“You have two choice’s….extreme medical intervention or inpatient admission. You can’t control this. It’s a psychological disorder. You have Binge Eating Disorder.”
When I was a teen I vaguely remember reading about the term “Binge Eating Disorder” in my medical books. Yes, even as a teen I wondered what was wrong with me. Why I couldn’t stop eating. Why was I 13 and sneaking food? Why was I 12 and weighing 250 pounds while still being active? Why I was in kindergarten and eating food from other kid’s lunchboxes. I couldn’t put the food down. All it took was one bite of a trigger food and *bam* it was all over. As I grew up the weight continued to drift higher and higher. On plan eating through the day or week would be thrown off by binges where thousands of calories were consumed in a short period of time. A day or two worth of calories all downed in a matter of hours.
The weight continued to increase.
For 10 years, it was coupled by bulimia which is an additional eating disorder where food is purged through self-induced vomiting, however, more often than not….I kept the food down. The cycle of binge…..guilt…new resolve….diet/restrict…..binge….guilt….new resolve….diet/restrict has been in play in my life since I was a child.

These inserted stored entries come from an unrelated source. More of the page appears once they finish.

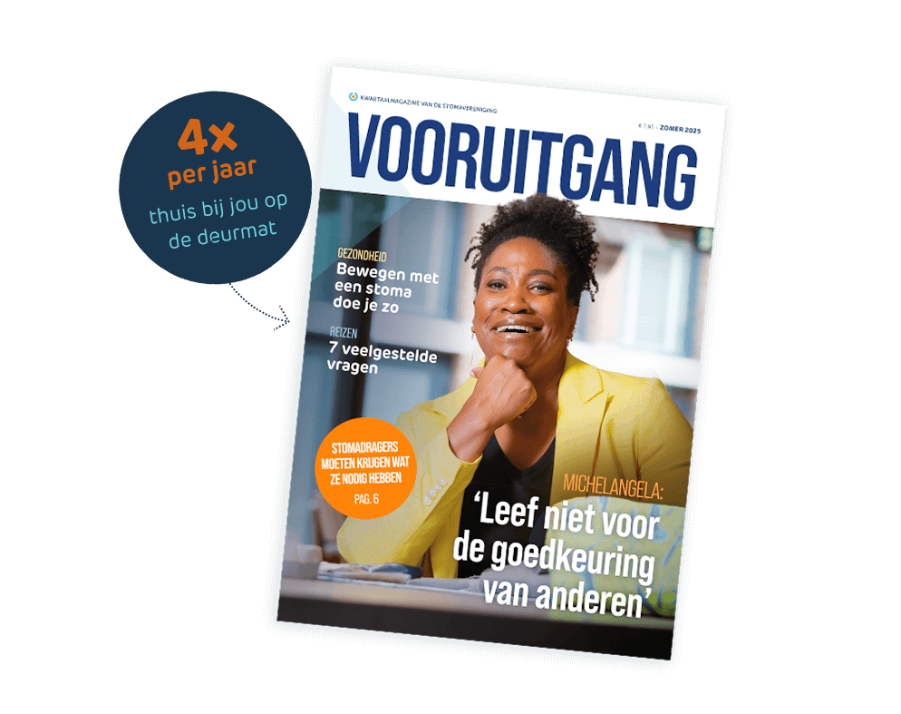 Vooruitgang is het magazine van de Stomavereniging. Dit blad staat vol interessante artikelen voor mensen met een colo-, ileo- of urinestoma of pouch. Het blad is ook interessant voor mensen die nog een stoma gaan krijgen of voor partners, familieleden en naasten. Er staan veel nuttige tips, interviews en reportages in. Word lid van de Stomavereniging en ontvang het magazine Vooruitgang 4x per jaar thuis bij jou op de deurmat.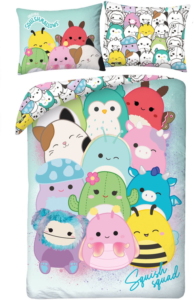 Squishmallows Squish squad Dekbedovertrek 140 x 200 cm (70 x 90 cm). Dit zachte en vrolijke dekbedovertrek, met de schattige Squishmallows karakters, is een musthave voor fans van deze superzachte knuffels. Het ontwerp brengt de geliefde knuffels tot leven op het bed, wat het een echte blikvanger maakt. Dankzij het extra grote kussensloop en de tweezijdige bedrukking kun je het bed op een leuke manier afwisselen. Een perfect cadeau voor elke Squishmallows fan of om zelf van te genieten!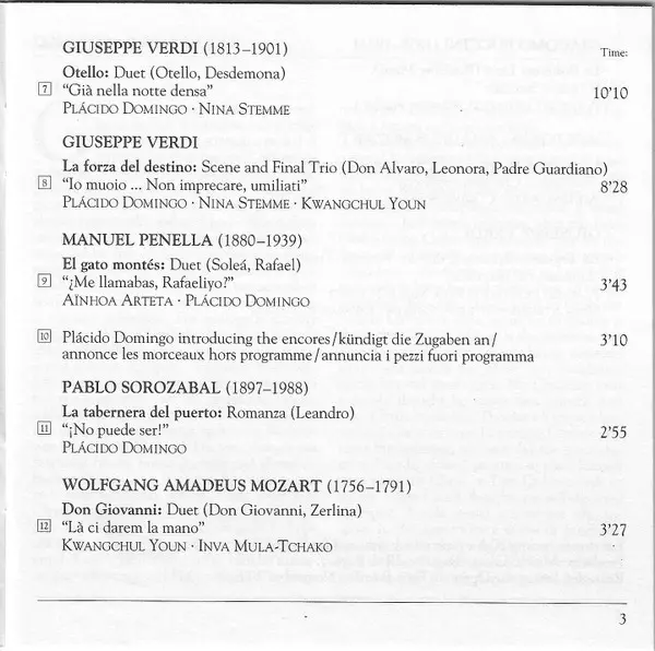 | 10 | Placido Domingo: Plácido Domingo Introducing The Encores = Kündigt Die Zugaben An = Annonce Les Morceaux Hors Programme = Aunnuncia I Pezzi Fuori | 3:10 min | |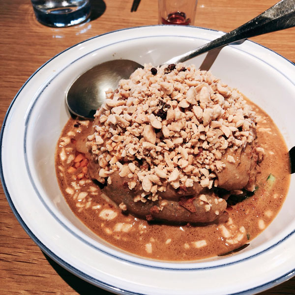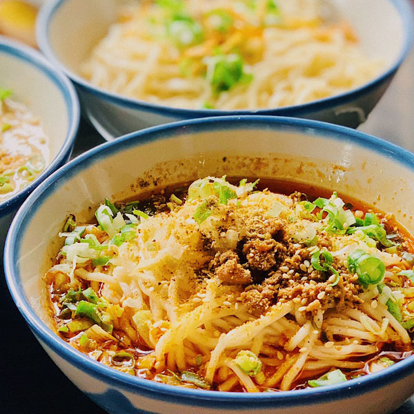 蘭芳小麵的靈感來源取自四川重慶小麵,用18種辛香料調出花椒油做調味,圓細麵泡在紅油裡,細碎的榨菜末、肉燥末、香菜、青蔥還有白芝麻,拌勻後每一口都能吃到高層次滋味,嗆辣的麻椒香就算頭皮冒汗也停不下來!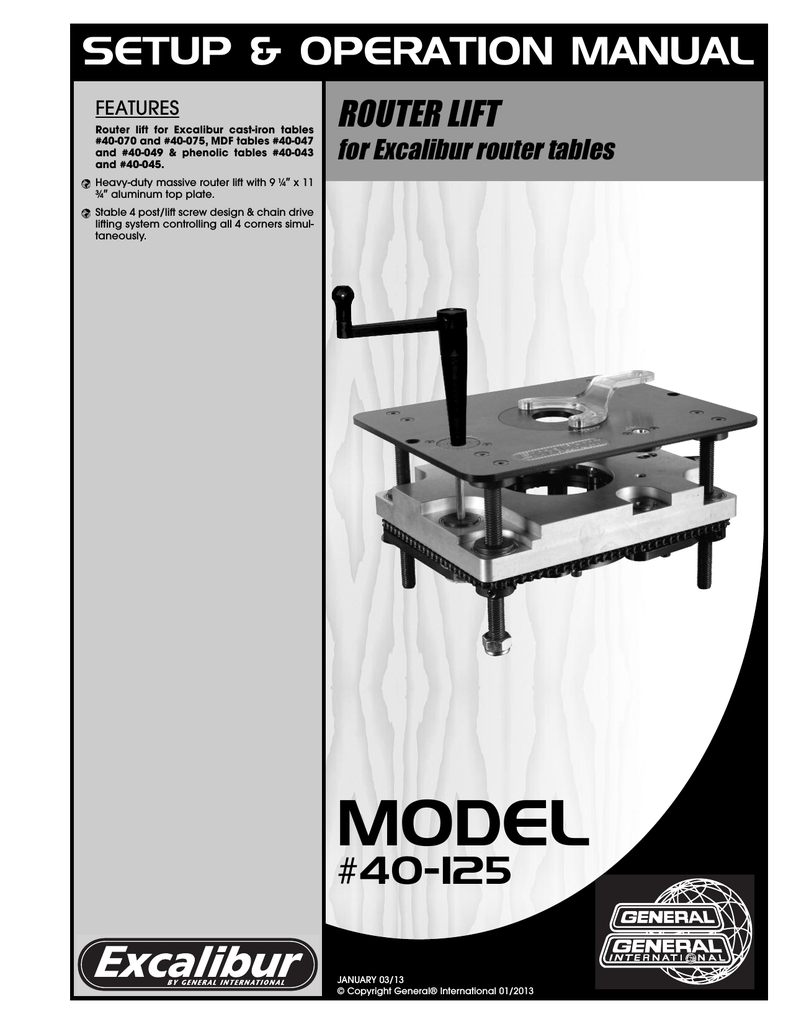 Subscribe to this channel for new weekly video. General international introduced their new excalibur deluxe router table kits in bench top and floor modelsthe table top router kit can also be mounted to a tablesaw. Now the renamed excalibur by general brand is a very successful and integral part of our product line up. The contractor heavy duty massive router lift has a 9 14 inch x 11 34 inch aluminum inserttop plate.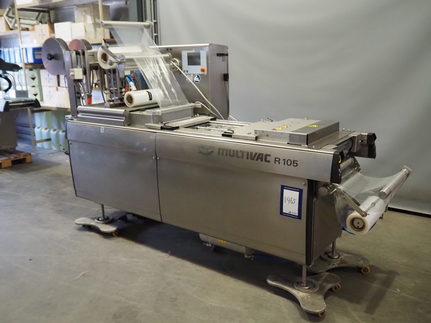 Multivac thermoformer, type: R105, machine number: 128554, year of construction: 2009, 400 V, 3 Ph, 50 Hz, 24 A, 8 kW, film width: 360 mm, dye: (4x) 145 mm x 100 mm, plastic mesh outfeed belt, belt width: 315 mm, Busch vacuum pump, type: RA 0100 E 5Z1, capacity: 100 m³ per hour, total dimensions: 3320 mm x 1000 mm x 1850 mm. Including crate with extra parts.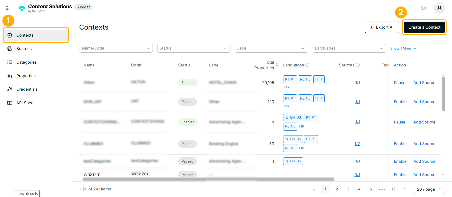 - Context Name: Provide a descriptive name for the context (e.g., "Hilton" or "IHG").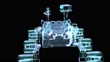 Roboter-Mars-Rover mit transparenten Röntgenbildern. 360-Grad-Ansicht der Querschnitte des Mars Explorer Vehicle.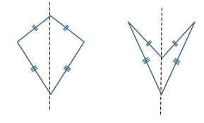 A kite may be convex as shown in the diagram above to the left or non-convex as shown above to the right. The axis of symmetry of the kite is shown.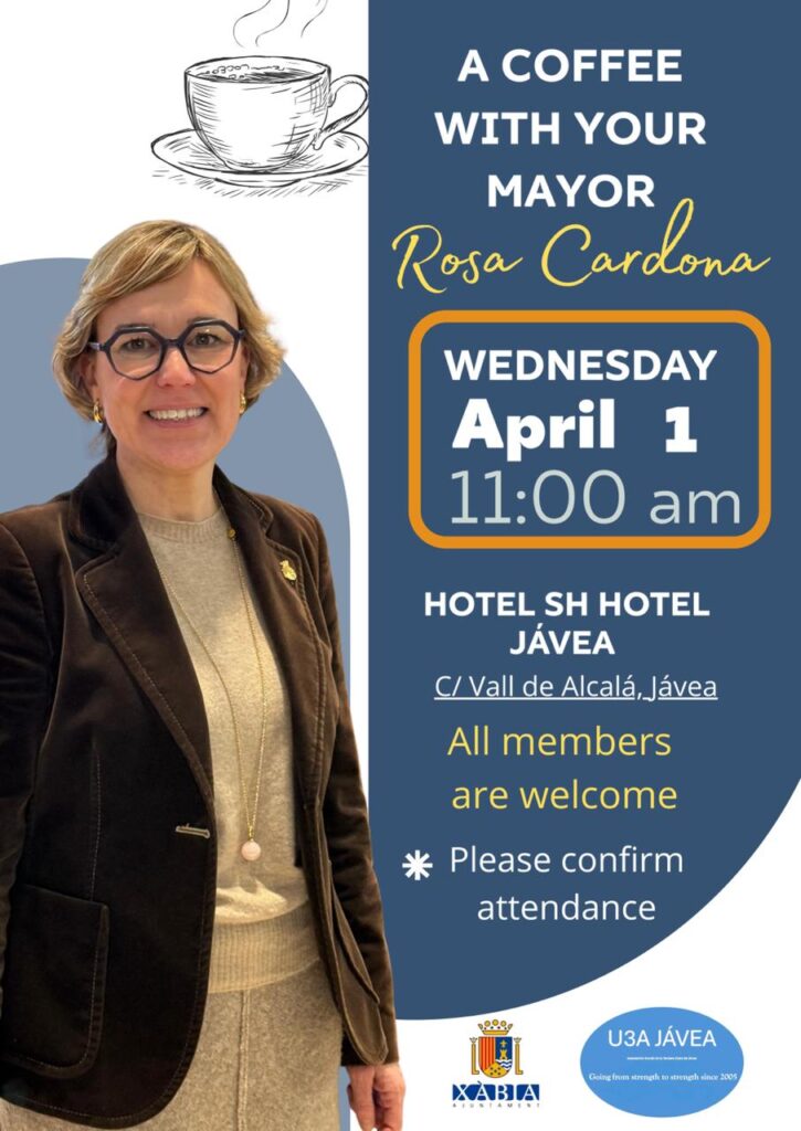Rosa Cardona Mayor of Javea, invites all members of U3A Javea who live in Javea to meet her and Raquel Violero Castellanos the Councillor for Social Services, the Third Age and Foreigners on 1 April 2026 to enjoy a coffee with them at the new SH Hotel in the Port.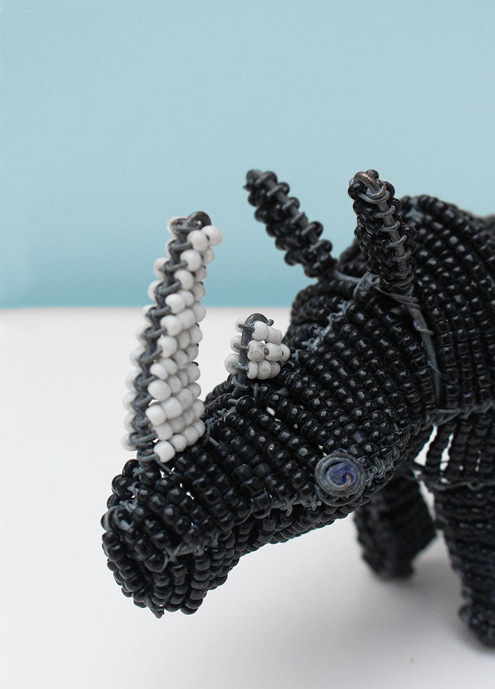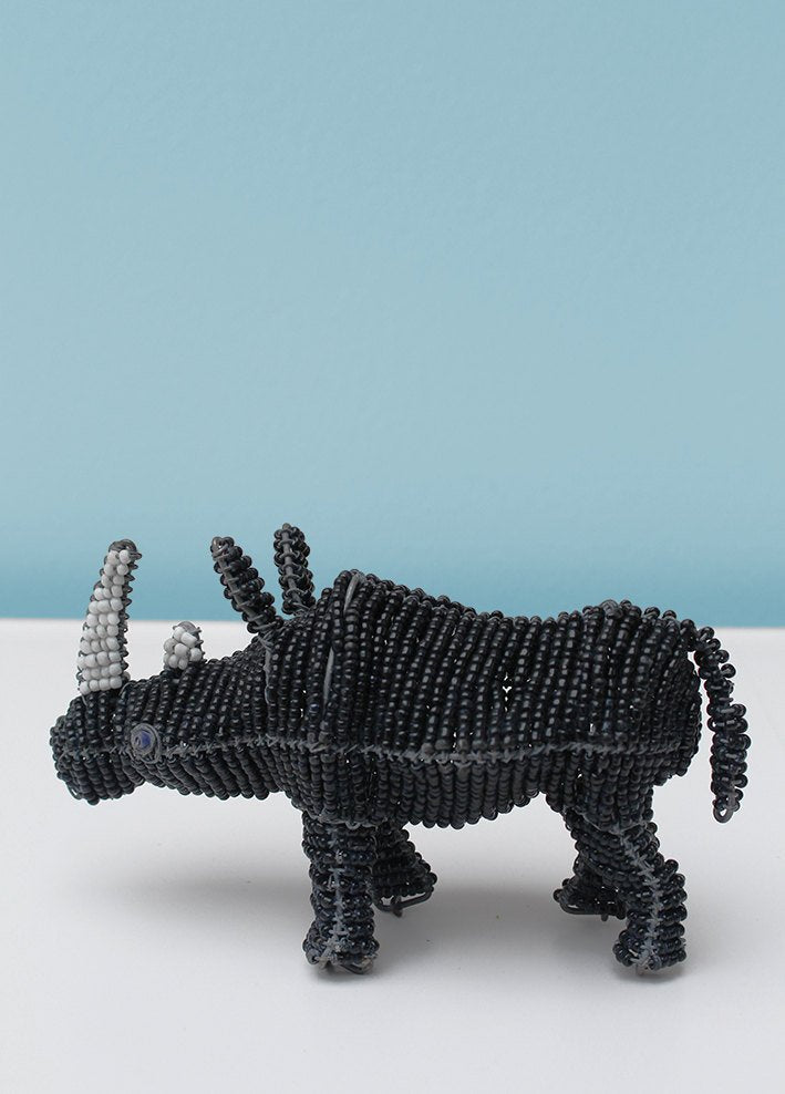 The rhinoceros is one of the most feared animals in Africa. Its spirit and determination, without the danger, is perfectly captured in this black beaded version on a sturdy wire frame, with a domineering white beaded horn. Approximately 17cm in length and 9.5cm high but can be custom-made to any size.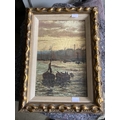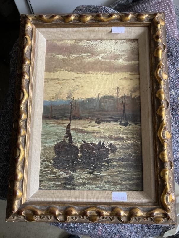 English School: 19th cent. Oil on board, Thames barges on the river at twilight, unsigned, framed. 13ins. x 8½ins.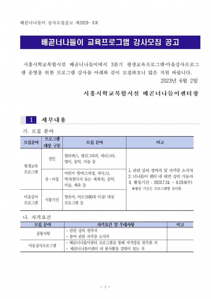 (공고)2023년 3분기 교육프로그램 강사 모집 공고.hwp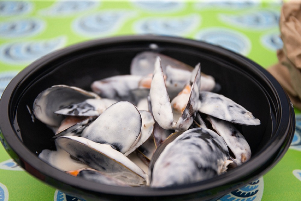Так, гостям в разные годы предлагали не только собственно этого моллюска с разными соусами (в том числе и из сгущенки), но и пончики, паштеты, крем-супы и роллы с мидией и из мидии. Правда, практика показывает, что фаворитами меню обычно становятся более традиционные блюда: свежие мидии в сливочном, тайском соусах и соусе на основе черемши.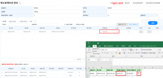2. 예시는 악동핑 상품의 A-01-01 로케이션 재고가 7개이나 10개 수량을 Z-99-99 로케이션으로 옮기는 예시입니다.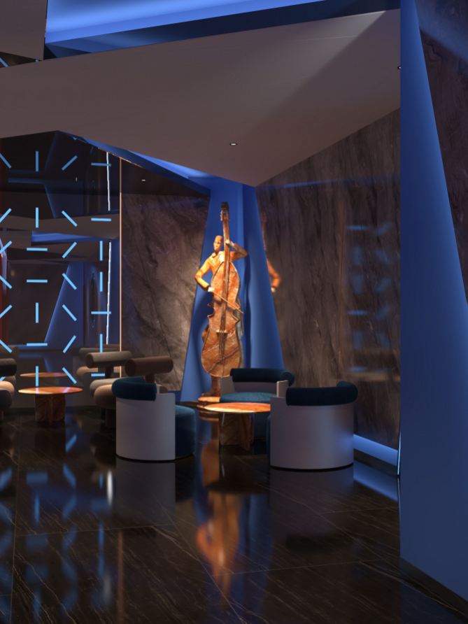 休息區(qū),墻面大型顯示屏播放動(dòng)感畫面,搭配舒適的藍(lán)色沙發(fā)與藝術(shù)雕塑,營(yíng)造出輕松愉悅的氛圍。走廊區(qū)域,深色大理石墻面結(jié)合藍(lán)色燈光線條,天花板的幾何造型燈帶與地面反射效果相呼應(yīng),增強(qiáng)空間的縱深感與科技感,墻壁上的藝術(shù)畫作和裝飾增添了文化韻味,整體設(shè)計(jì)旨在為顧客打造一個(gè)舒適、時(shí)尚且充滿活力的休閑娛樂(lè)空間。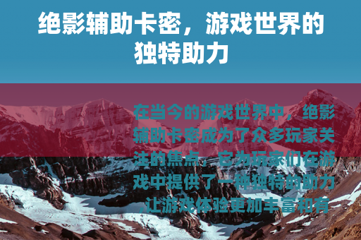 在当今的游戏世界中,绝影辅助卡密成为了众多玩家关注的焦点,它为玩家们在游戏中提供了一种独特的助力,让游戏体验更加丰富和有趣。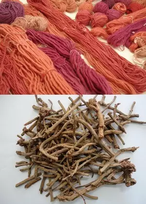 另一类植物染料是茜草科茜草属的几个物种,它们的根部富含茜素红及红紫素,需要媒染剂才能染得牢靠,但胜在分布广泛,“茜”字在汉语里同样也有红的意思。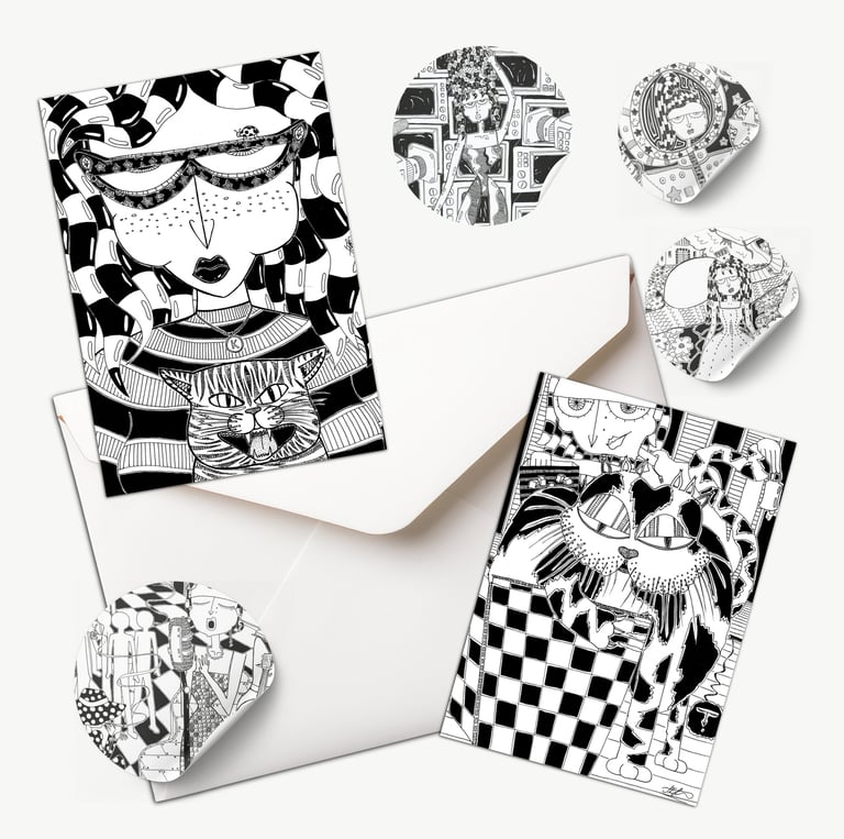 For €9 a month, you’ll receive a small bundle containing a new sticker design, a miniature art print, and a personal message from me. It’s a low-cost way to support my work and build your own mini-gallery at the same time.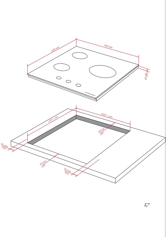 Схема встраивания для варочной панели Kuppersberg FS 40 B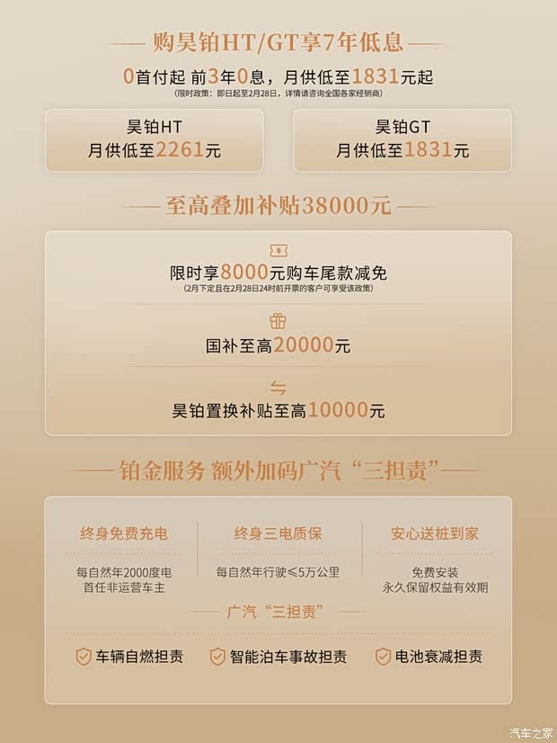选昊铂,即是选择一份长久安心的承诺。作为广汽集团旗下的高端品牌,昊铂提供的“铂金服务”涵盖终身免费充电、终身三电质保及安心送桩到家,从补能便利到售后 ,全程悉心关怀。更有业内领先的“三担责”承诺,针对车辆自燃、智能泊车 、电池衰减超标三大用户核心关切提供 ,极大减轻用车担忧,让用户每一次出行都从容自信。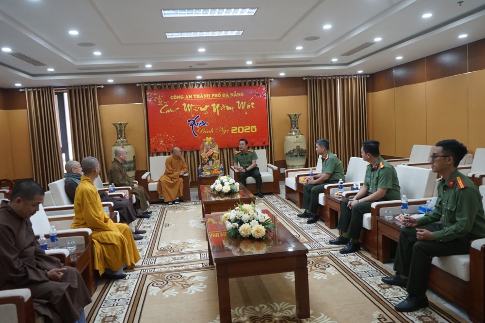 Tiếp đó, tại Văn phòng UBND thành phố, Ủy ban MTTQ Việt Nam thành phố, Ban Tuyên giáo và Dân vận Thành ủy, Công an thành phố và Sở Dân tộc và Tôn giáo thành phố, đoàn Ban Trị sự GHPGVN TP. Đà Nẵng đã gửi lời chúc mừng năm mới đến lãnh đạo các cơ quan, ban ngành nhân dịp Tết Nguyên đán Bính Ngọ 2026.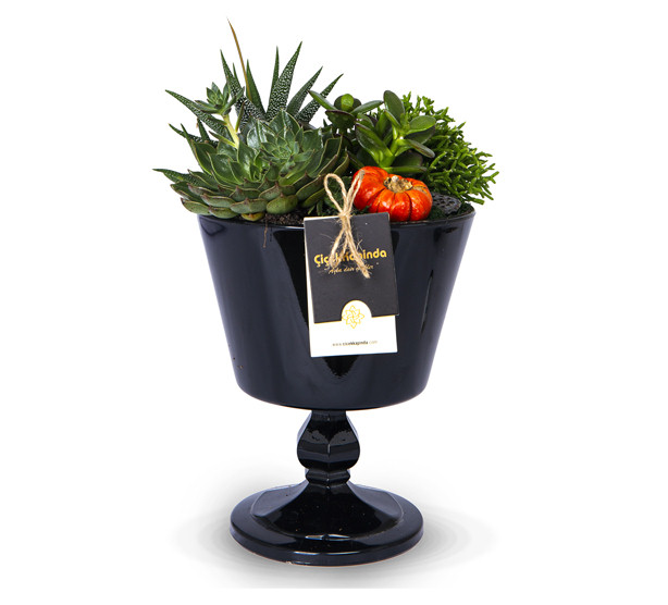 Siyah Kadehte Sukulent Tasarımı

Working with a therapist now who specializes in eating disorders, I am now finally seeing how my eating disorder formed and the protective role it played in my life. We were very poor growing up so when food was available and meals were cooked, you ate until you were full and you cleaned every bit of your plate. I remember eating ketchup sandwiches because there was no food and one night even going to bed on an empty stomach. Food insecurity was a very real experience. My mother, suffering from binge eating disorder herself, would bond with me over food. When she had extra money we would sneak away and visit multiple fast food restaurants, eating burgers from here…fried chicken from here….eating until I was beyond full, but I loved spending time with her. I needed love. Food was love. Her weight would later take her life at 550 pounds.
When I was little, the weight also played a protective role for me. Growing up sexually abused and physically abused by so many, the weight was my protector. I didn’t want to be touched and if I was, I would have this huge suit of armor to protect me. When I was, I didn’t know how to deal with it. I ate my emotions. My size also made me intimidating at school. Being bullied for being poor and wearing tattered clothes….I had fewer bullies….sure…I still was bullied mercilessly and sometimes violently by those tougher than me, but I was more intimidating with my size so the bullying was less than what my peers experienced. As a teen, major depressive disorder began to sink in and we didn’t have the money to continue my medication so I went unmedicated which threw gasoline on the flames. Then came the deaths of multiple family members, including my mother and abusive father. Then came the stalking. By 24 I was a suicidally depressed mess….and working my way towards 500 pounds. I hid in food. I ate. I drank. I kept to myself. All weight loss efforts failed. Exercise, diet, fasting, pills, everything would eventually come undone in a matter of weeks or months. It took me until my 30’s to realize, I needed a comprehensive plan of action including eating disorder therapy – Thank God my insurance covers it because before there is no way I could afford it! – along with medical intervention – whether it be surgery or intensive binge eating disorder therapy.
I started seeing my eating disorder therapist and learning more about binge eating disorder. We started working through my emotional issues. We still are. Chipping away at the perfect storm of a difficult life that create an outlet of food for me. I love my body and what it does for me. I love it for taking care of me and protecting me all these years. Now it’s finally my turn to take care of it. I’ve worked hard on my self acceptance and self esteem but the binge eating disorder is still with me. Now I’m working on relearning food behaviors. Relearning emotion management. Relearning coping mechanism. Addressing my past. It’s a long journey, but finally putting a name to the face that’s haunted my life for decades is oddly comforting.